Andia / Universal Images Group / Getty Images
истории

Латвийские власти решили, что местная православная церковь должна быть независимой от Московского патриархата. Это как? Разве церковь не отделена от государства?

Источник: Meduza

Сейм Латвии поддержал предложение президента страны Эгила Левитса предоставить местной православной церкви (ЛПЦ) независимость от Московского патриархата — такое решение объяснили вопросами «национальной безопасности» на фоне полномасштабной войны в Украине. Сама ЛПЦ отреагировала на эту инициативу единственным загадочным сообщением о том, что признает решение сейма — но в целом все останется как прежде. Что это значит, «Медуза» попросила объяснить Марию Кугель, рижскую журналистку, которая много лет изучает ЛПЦ.


Мария Кугель, журналистка, специализируется на социологии религии

— В августе в Риге демонтировали памятник советским воинам, теперь сейм принял законопроект о выведении Латвийской православной церкви из-под власти Московского патриархата. Как я понимаю, это шаг все в том же направлении — снизить влияние Москвы на местное русскоязычное население. Причем если монумент удалось снести без массовых протестов, то как получится с православной церковью — неясно. Насколько я понял из вашей прошлогодней статьи, православие в Латвии довольно сложно устроено и вообще, судя по опросам, это самая многочисленная конфессиональная группа в стране.

— Сложно утверждать, что самая многочисленная. Скорее православные больше, чем лютеране и католики, склонны придавать значение религиозной принадлежности — по крайней мере, чаще готовы отвечать на вопрос о своей религии. К тому же православие — одно из прибежищ русской идентичности, за которое можно держаться в Латвии.

— Давайте сразу про связь православия и русской идентичности. У вас же прочитал, что в XIX веке в православие якобы перешли больше ста тысяч латышей.

— Да, это было грандиозное движение, которое было вызвано сразу несколькими причинами. Во-первых, латышских крестьян еще в первой половине XIX века освободили от крепостной зависимости, но не дали им земли. Несколько неурожайных лет привели к голоду, а также к тому, что латышские крестьяне желали каких-то перемен.

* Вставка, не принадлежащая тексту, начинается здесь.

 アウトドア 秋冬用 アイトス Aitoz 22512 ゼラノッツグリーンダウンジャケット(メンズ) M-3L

Во-вторых, в 1836 году в Латвии впервые появился представитель православной церкви — приехавший из России епископ Иринарх, «свежий» человек, который сочувствовал латышам.

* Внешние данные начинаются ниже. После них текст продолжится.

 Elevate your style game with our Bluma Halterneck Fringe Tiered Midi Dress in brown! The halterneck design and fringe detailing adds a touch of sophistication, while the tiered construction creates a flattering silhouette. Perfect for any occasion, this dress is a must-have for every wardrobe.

В-третьих, переход в православие был социальным движением против немецких помещиков, которые фактически управляли этими землями.

Все началось со слуха, что царь [Николай I] раздает земли тем, кто перейдет в православие, — возможно, слух распространили курляндские евреи, которым действительно выделяли земельные наделы на юге России. Кто-то приходил к Иринарху и просил конвертировать [крестить] его в православие. Это было сложное решение — ведь ссориться с немцами не хотелось. Тем не менее скоро это стало массовым явлением. По максимальным оценкам, в православие перешли 140 тысяч человек. Но тут считаются не только латыши, но еще и эстонцы, ведь все жили рядом.

Кроме того, многие из перешедших [в православие] лютеран принадлежали к общине гернгутеров, у которой был собственный конфликт с немцами — поскольку они сами назначали себе священников.

— То есть это была не миссионерская деятельность Москвы, а запрос снизу? И удовлетворен он был не без колебаний?

— Можно сказать, удовлетворен скрипя зубами, потому что приходилось действовать назло лютеранской церкви. Да и самого Иринарха наказали за то, что он обращал латышей, — по-моему, его сослали.

— Насколько я понимаю, православных латышей (а не русских, живущих в Латвии) осталось не слишком много. В том числе потому, что священники-латыши и часть паствы подвергались репрессиям после того, как Латвия потеряла независимость и была оккупирована СССР.

— Вначале да — подвергались репрессиям. Видимо, как классово чуждые элементы. Однако православная церковь — как и другие церкви — в Латвии пользовалась значительно большими свободами, чем на территории остального Советского Союза.

А мало православных латышей осталось, потому что латышские православные приходы были в основном сельские. И они к концу советской власти оскудели из-за массового переезда людей в города, из-за гонений во времена Хрущева, когда у церкви отбирали собственность. А еще латышские общины размывались из-за притока православных русских из других регионов СССР.

— Можно ли сказать, что сейчас в Латвии православный — значит русский? 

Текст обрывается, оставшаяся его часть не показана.